# Challenger V8



## seadragonfoundry (Jan 11, 2020)

Finally finished the Challenger V8 from Coles and what a challenge it was for me. I still need to make a few improvements to the carburettor but it is as good as done. It can sit on the shelf for a while now as  I have started another Holt 75, I sold the first one I built so maybe this one will be a keeper?


----------



## kuhncw (Jan 11, 2020)

You've built a very nice, well presented Challenger.  Nice work.

Chuck


----------



## awake (Jan 11, 2020)

Beautiful!


----------



## Cogsy (Jan 11, 2020)

Very nice indeed.
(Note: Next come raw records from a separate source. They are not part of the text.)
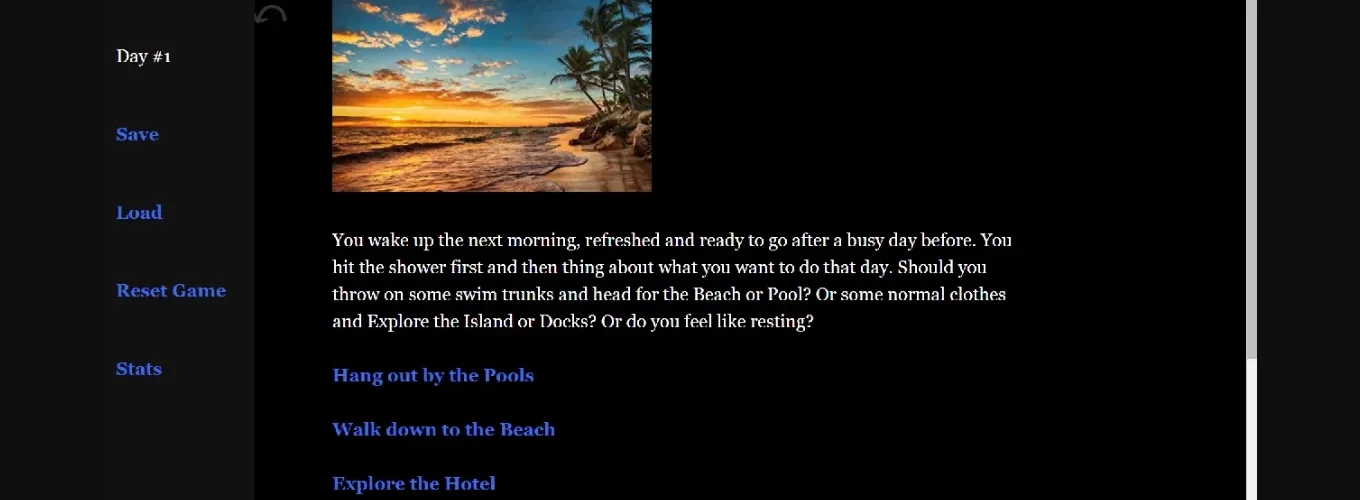 This is my second game I’ve ever created, so I appreciate all feedback towards this project. This one is much more free-roam oriented and less linear than my previous game. The game currently has 15,000+ words, 6 main character sex scenes, 3 random events and 2 casual encounters.
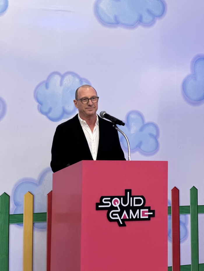 설명하고 있는 그렉 롬바르도(Greg Lombardo) 넷플릭스 익스피리언스 부문 총괄 / 사진=권효정 여행+ 기자 이날 행사에는 그렉 롬바르도(Greg Lombardo) 넷플릭스 익스피리언스 부문 총괄(VP)이 참석했다. 롬바르도 총괄은 “체험형 콘텐츠인 익스피리언스는 스토리텔링의 연장이 아니라 팬들이 사랑하는 캐릭터와 세계관 속으로 직접 뛰어들 수 있는 몰입형 경험을 제공한다”며 “지금까지 40개 어트랙션을 개발했고 전 세계 100개 도시에서 800만 명 이상의 관객이 다녀갔다”라고 밝혔다.
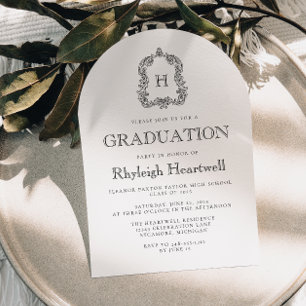 Classic Black Monogram Crest Arch Graduation Party Invitation
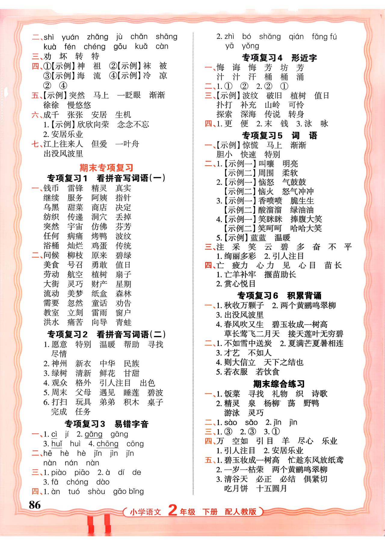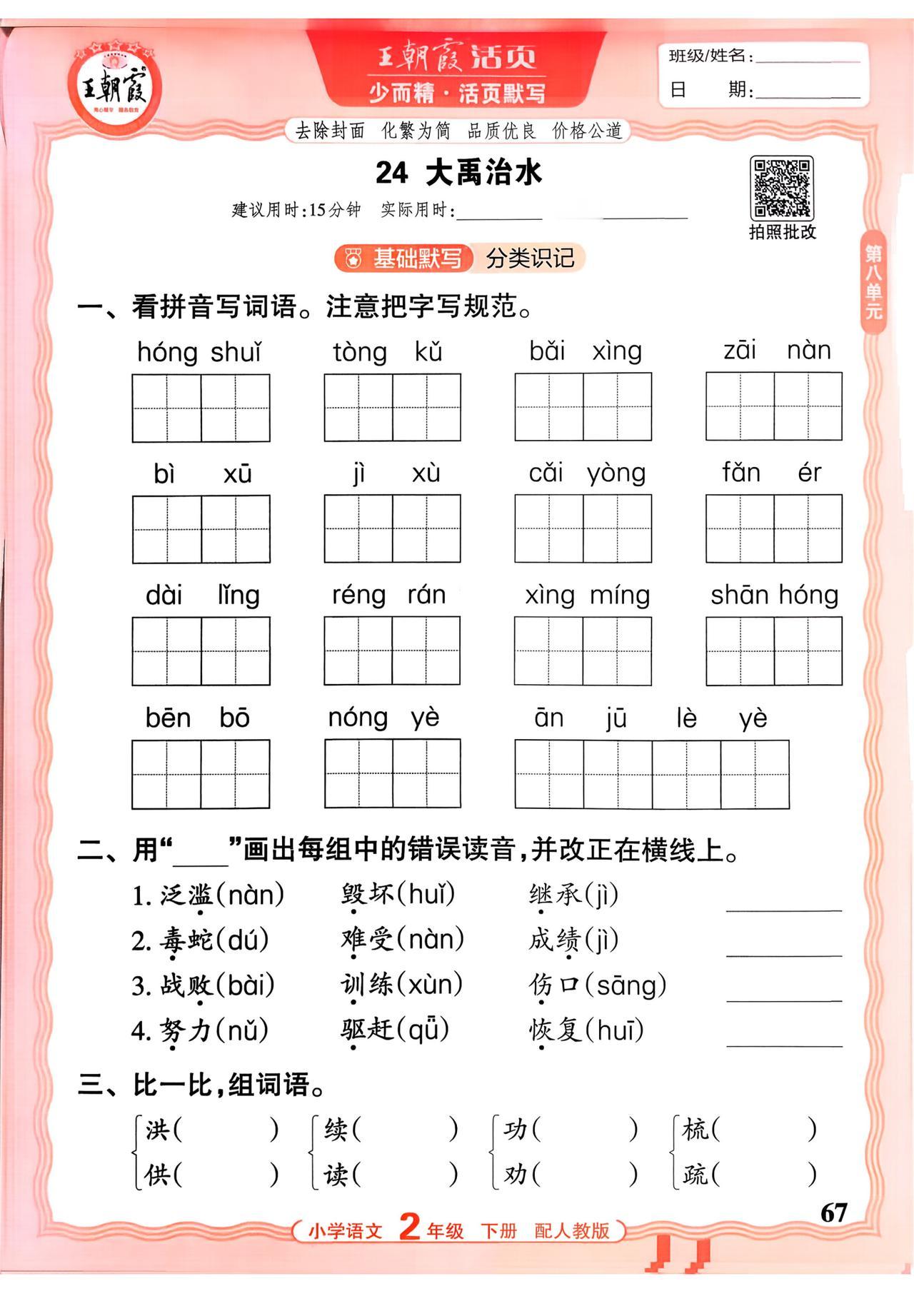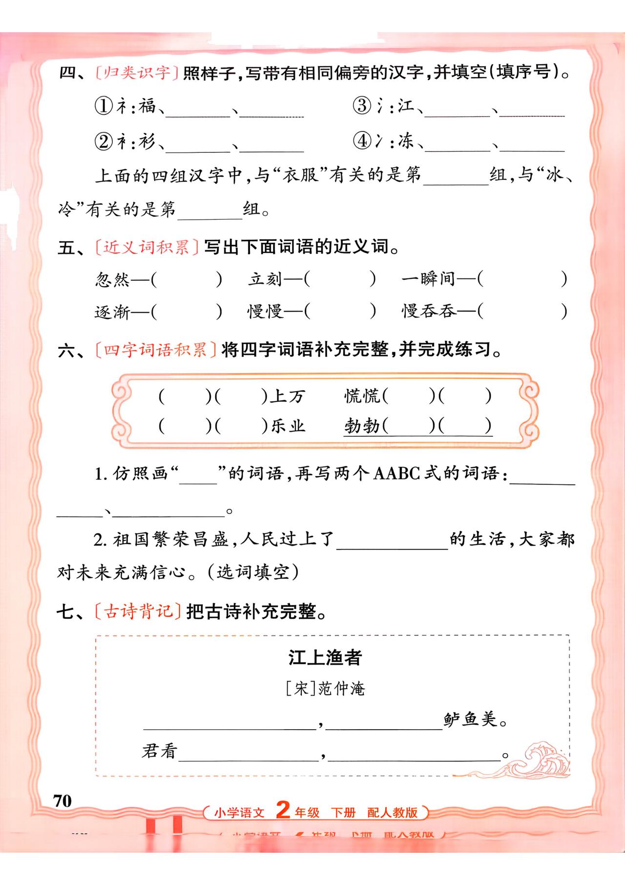 26春二年级下册语文,第八单元基础知识活页默写+参考答案,收藏备用
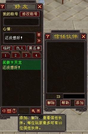 信任伙伴界面很简单,类似于“屏蔽列表”。每位玩家最多可以有10个信任伙伴,添加方法和为店铺添加合作伙伴的方法一样,需要输入角色ID。但是,信任伙伴关系只有在添加3天后才能正式生效。
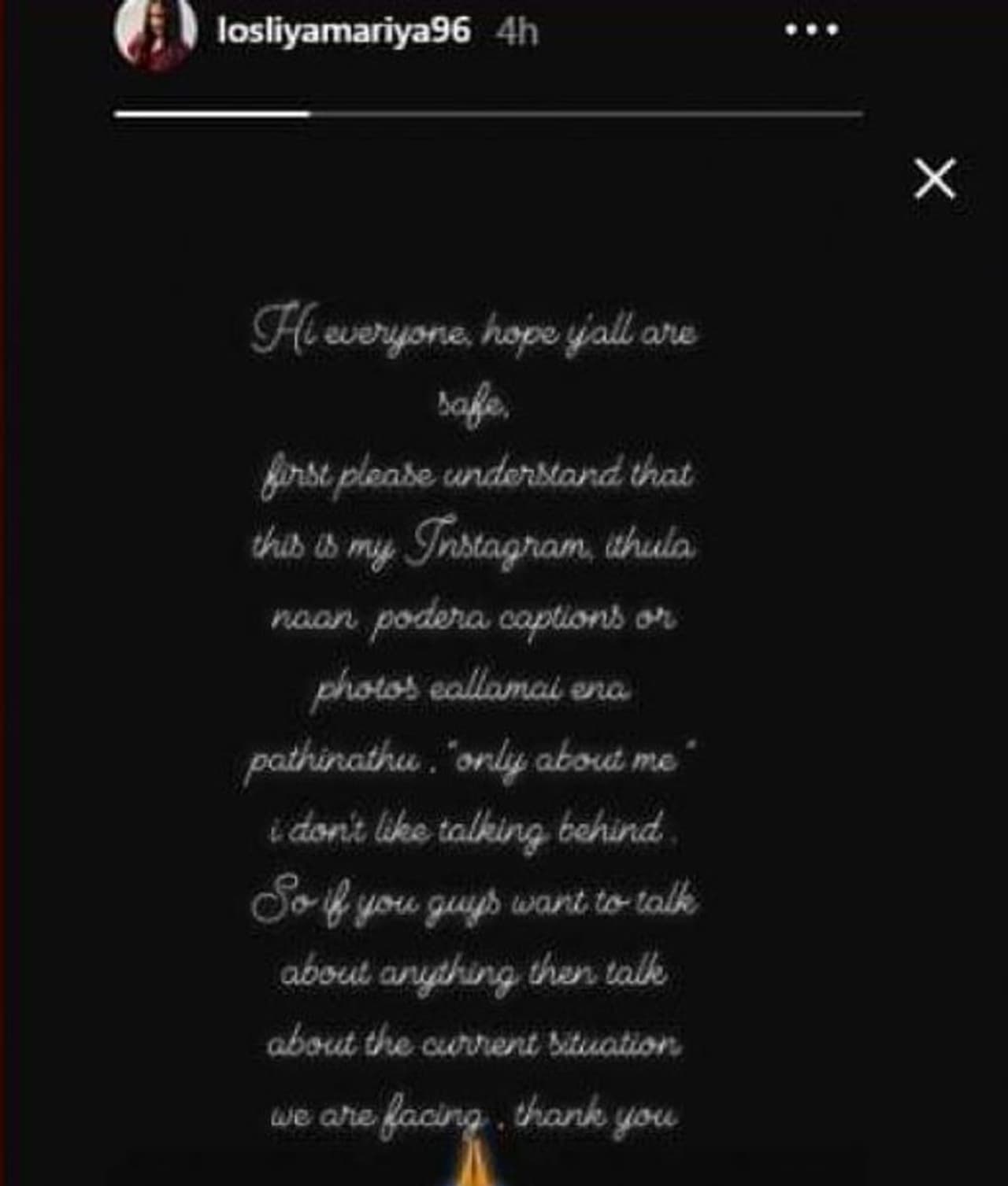 இதனை சற்றும் எதிர்பார்க்காத லாஸ்லியா கவின் பற்றி பேசியதால் கடுப்பாகி, இப்பொது இதுகுறித்து கோவமாக விளக்கம் கொடுத்துள்ளார். அதில், "இது என்னுடைய இன்ஸ்டாகிராம் பக்கம், நான் போடுகிற வார்த்தைகள், புகைப்படங்கள் எல்லாமே என்னை பற்றியது. பின்னால் சென்று யாரையும் பற்றி பேச வேண்டிய அவசியம் இல்லை. தன்னுடைய தற்போதைய சூழ்நிலை பற்றி தான் பேசியதாகவும் அதனை நானே பார்த்து கொள்வேன் என தெரிவித்துள்ளார்.

Any chance of a run video?


----------



## seadragonfoundry (Jan 14, 2020)

Hopefully this link will work.


----------



## Cogsy (Jan 14, 2020)

Sounds fantastic!


----------



## VINCENT INGRAM (Jan 14, 2020)

Excellent work!  I'd love to hear it under load - probably makes more power/torque than my car...


----------



## retailer (Jan 14, 2020)

Well done great work - looks and sounds just like it should.


----------



## michelko (Jan 15, 2020)

Lovely
 what rpm is that in the Video?


----------



## gmiller (Nov 2, 2020)

Your engine looks and runs great. I hope I get the same results. I am currently building the Challenger V8. Got the crankshaft, pistons and connecting rods installed in the block. Next comes the cam. I was looking over the prints and don't see any reference to the crankshaft to cam gears or the bevel gears for the cam to distributer shaft. Can you tell me how you pursued this.

Thanks in advance
Greg


----------